Last week Anthropic announced a lease of SpaceX’s Colossus 1 data centre – more than 220 000 Nvidia GPUs delivering roughly 30 MW of power. The agreement gives Anthropic exclusive access to the entire cluster, which Musk’s xAI originally built to train its Grok models. The lease raises two immediate questions: why hand a flagship AI asset to a direct competitor, and what does the mixed‑GPU design mean for the cluster’s usefulness?

Technical specs and architectural constraints

Heterogeneous GPU mix

Colossus 1 comprises about 150 000 H100 GPUs, 50 000 H200 GPUs and 20 000 GB200 GPUs. The three generations arrived at the data centre at different times, reflecting supply‑chain pressures rather than a planned architecture. For distributed training this heterogeneity is a liability. Training algorithms require every accelerator to finish a step before the next iteration can start. Faster GB200 chips finish early and must wait for the slower H100s – a classic “straggler” effect. At the scale of 220 000 devices the idle time compounds, driving reported utilization down to roughly 11 %.

Inference versus training

Inference workloads are far less sensitive to synchronization. A request can be routed to any available GPU, and the result returned as soon as that chip finishes. Consequently, the same mixed‑GPU pool can achieve high throughput for serving a trained model, even though it is inefficient for training. Anthropic’s Claude services, which now face token caps, peak‑hour throttling and API rate limits, will benefit from the added capacity without suffering the straggler penalty.

Power and cooling demands

The cluster consumes about 30 MW, equivalent to the load of a small city. Cooling requirements are on the order of 150 MW of chilled water flow, and the power draw translates to roughly 10 GWh per month. Operating at 11 % utilization means the infrastructure is burning roughly 9 GWh of electricity each month for idle capacity – a significant cost factor.

Transition to Colossus 2

Musk’s next‑generation system, Colossus 2, is being built exclusively with Nvidia’s Blackwell‑based GPUs. A homogeneous fleet eliminates the straggler effect, allowing utilization rates above 40 % – the benchmark set by Meta and Google. Uniform hardware also simplifies the software stack, enabling tighter kernel optimizations and lower latency for both training and inference.

Market implications

Revenue offset for xAI

Mirae Asset analysts estimate that leasing Colossus 1 could generate $5‑6 billion in annual revenue at market‑rate GPU lease prices. xAI reported a Q1 2026 net loss of about $6 billion, so the deal could bring the business close to breakeven on a cash‑flow basis.

Growth potential for Anthropic

Anthropic’s leadership estimates that roughly 50 % of AI‑industry compute spend goes to inference, and that inference spend translates to revenue at a 3× multiple. Applying that ratio to the $5 billion lease value suggests an incremental $15 billion in annual recurring revenue for Claude services – a material boost to the company’s reported $30 billion ARR.

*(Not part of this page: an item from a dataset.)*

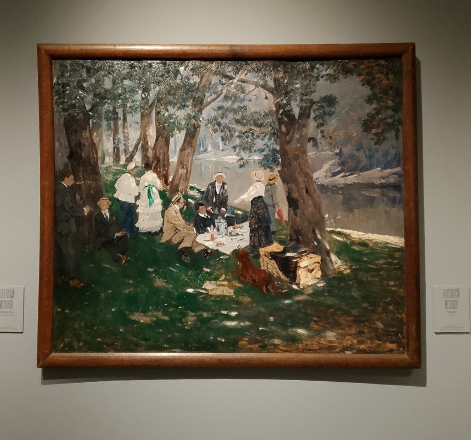 Алексей Исупов большую часть жизни прожил во Франции и Италии вместе с женой, не возвращаясь в СССР. У обоих были только советские паспорта. От иностранного гражданства отказывались. Интересно. На картине Алексея Исупова сюжет очень популярный. Пикников у воды в импрессионизме великое множество. И этот тоже очень хороший.
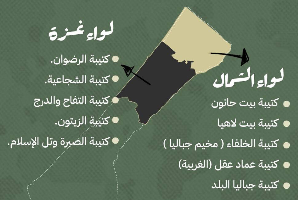 تمتلك كتائب القسام ستة ألوية قتالية موزعة على محافظات القطاع. وهي:

Strategic positioning ahead of an IPO

The lease aligns with Musk’s broader narrative of turning SpaceX assets into cash‑generating platforms before a potential public offering. By converting a depreciating compute asset into a revenue stream, xAI improves its balance sheet, while simultaneously showcasing an AI‑cloud capability that could be marketed to other customers.

Supply‑chain context

The mixed‑GPU build of Colossus 1 was a direct response to the 2023‑2024 GPU shortage, where Nvidia’s H100s were allocated on a first‑come‑first‑served basis. By the time the GB200 chips entered production, the cluster was already at scale, forcing a patchwork architecture. The lesson for the industry is clear: rapid scale‑up without a uniform hardware roadmap can create long‑term efficiency penalties.

Outlook

With Colossus 2 slated to reach gigawatt‑scale capacity later this year, xAI will have a purpose‑built training platform that can compete with the world’s largest AI labs. Meanwhile Anthropic gains an immediate inference boost that should lift Claude’s token limits, remove throttling for Pro and Max tiers, and expand API request caps for enterprise customers.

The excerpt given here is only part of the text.